**REQUIRED ACTION**
Each line in the entries below that holds the word "like" belongs in the answer.

**DATA FOR THIS EXERCISE**
============================================================
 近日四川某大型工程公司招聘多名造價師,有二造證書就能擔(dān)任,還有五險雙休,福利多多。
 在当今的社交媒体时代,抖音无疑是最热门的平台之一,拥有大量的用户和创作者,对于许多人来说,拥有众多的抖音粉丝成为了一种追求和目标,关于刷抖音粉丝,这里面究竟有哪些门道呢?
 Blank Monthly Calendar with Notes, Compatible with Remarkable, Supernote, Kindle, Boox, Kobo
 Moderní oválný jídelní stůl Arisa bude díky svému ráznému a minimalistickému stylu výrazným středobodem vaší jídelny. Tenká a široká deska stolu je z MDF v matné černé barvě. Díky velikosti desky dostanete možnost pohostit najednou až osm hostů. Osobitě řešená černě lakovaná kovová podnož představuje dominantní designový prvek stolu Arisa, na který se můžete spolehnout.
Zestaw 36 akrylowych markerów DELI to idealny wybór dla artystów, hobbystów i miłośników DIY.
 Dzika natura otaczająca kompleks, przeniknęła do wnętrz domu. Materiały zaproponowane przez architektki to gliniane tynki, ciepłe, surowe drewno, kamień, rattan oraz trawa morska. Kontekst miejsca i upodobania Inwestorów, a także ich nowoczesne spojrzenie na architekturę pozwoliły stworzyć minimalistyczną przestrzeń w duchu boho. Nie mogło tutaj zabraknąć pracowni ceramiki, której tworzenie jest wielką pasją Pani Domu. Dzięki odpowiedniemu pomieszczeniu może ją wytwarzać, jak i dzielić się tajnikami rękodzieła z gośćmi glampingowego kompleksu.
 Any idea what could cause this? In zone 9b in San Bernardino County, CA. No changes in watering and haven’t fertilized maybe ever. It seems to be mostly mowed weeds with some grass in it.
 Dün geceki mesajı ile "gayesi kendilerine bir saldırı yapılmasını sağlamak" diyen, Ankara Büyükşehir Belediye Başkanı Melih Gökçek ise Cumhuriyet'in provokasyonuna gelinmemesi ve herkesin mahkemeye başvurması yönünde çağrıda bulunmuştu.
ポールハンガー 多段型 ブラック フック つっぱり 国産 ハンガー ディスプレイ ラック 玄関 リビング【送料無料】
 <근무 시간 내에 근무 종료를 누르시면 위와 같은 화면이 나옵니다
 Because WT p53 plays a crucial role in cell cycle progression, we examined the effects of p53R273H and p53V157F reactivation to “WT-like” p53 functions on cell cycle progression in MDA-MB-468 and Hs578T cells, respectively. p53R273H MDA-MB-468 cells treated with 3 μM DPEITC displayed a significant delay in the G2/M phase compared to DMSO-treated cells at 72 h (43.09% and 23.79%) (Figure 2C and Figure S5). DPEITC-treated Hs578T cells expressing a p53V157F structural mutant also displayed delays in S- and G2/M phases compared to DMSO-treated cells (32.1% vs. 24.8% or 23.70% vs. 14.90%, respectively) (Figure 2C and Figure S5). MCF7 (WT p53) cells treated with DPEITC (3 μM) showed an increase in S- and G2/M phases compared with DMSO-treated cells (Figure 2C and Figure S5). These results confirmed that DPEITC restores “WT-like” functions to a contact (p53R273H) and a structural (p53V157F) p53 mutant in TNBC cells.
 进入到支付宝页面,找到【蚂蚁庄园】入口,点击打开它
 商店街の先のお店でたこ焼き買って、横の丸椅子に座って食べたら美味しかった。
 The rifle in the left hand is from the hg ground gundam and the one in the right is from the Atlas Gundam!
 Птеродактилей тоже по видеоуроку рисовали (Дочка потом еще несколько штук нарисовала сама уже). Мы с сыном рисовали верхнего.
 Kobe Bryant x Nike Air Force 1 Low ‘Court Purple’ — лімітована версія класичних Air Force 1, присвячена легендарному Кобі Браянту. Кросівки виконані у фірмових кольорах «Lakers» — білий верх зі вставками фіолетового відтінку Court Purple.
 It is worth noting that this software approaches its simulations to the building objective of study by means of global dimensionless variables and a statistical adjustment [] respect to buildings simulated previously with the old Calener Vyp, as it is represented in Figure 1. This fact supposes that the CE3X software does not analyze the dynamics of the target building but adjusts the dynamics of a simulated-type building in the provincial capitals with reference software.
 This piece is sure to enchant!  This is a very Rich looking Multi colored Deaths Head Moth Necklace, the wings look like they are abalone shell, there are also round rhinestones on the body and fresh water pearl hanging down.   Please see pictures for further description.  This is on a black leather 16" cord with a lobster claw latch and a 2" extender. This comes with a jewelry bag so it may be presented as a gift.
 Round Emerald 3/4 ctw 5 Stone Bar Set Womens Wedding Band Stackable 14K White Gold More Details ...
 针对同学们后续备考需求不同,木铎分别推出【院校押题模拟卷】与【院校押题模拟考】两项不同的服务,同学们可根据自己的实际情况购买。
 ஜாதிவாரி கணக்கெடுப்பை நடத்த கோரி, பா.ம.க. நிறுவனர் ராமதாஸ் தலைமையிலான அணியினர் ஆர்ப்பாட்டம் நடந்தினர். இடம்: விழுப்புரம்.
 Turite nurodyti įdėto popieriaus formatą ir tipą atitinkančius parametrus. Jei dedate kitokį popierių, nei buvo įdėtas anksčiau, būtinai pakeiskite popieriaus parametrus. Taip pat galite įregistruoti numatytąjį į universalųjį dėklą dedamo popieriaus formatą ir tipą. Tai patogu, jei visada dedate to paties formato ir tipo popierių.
============================================================
**RESPONSE FOR THIS EXERCISE**
 Because WT p53 plays a crucial role in cell cycle progression, we examined the effects of p53R273H and p53V157F reactivation to “WT-like” p53 functions on cell cycle progression in MDA-MB-468 and Hs578T cells, respectively. p53R273H MDA-MB-468 cells treated with 3 μM DPEITC displayed a significant delay in the G2/M phase compared to DMSO-treated cells at 72 h (43.09% and 23.79%) (Figure 2C and Figure S5). DPEITC-treated Hs578T cells expressing a p53V157F structural mutant also displayed delays in S- and G2/M phases compared to DMSO-treated cells (32.1% vs. 24.8% or 23.70% vs. 14.90%, respectively) (Figure 2C and Figure S5). MCF7 (WT p53) cells treated with DPEITC (3 μM) showed an increase in S- and G2/M phases compared with DMSO-treated cells (Figure 2C and Figure S5). These results confirmed that DPEITC restores “WT-like” functions to a contact (p53R273H) and a structural (p53V157F) p53 mutant in TNBC cells.
 This piece is sure to enchant!  This is a very Rich looking Multi colored Deaths Head Moth Necklace, the wings look like they are abalone shell, there are also round rhinestones on the body and fresh water pearl hanging down.   Please see pictures for further description.  This is on a black leather 16" cord with a lobster claw latch and a 2" extender. This comes with a jewelry bag so it may be presented as a gift.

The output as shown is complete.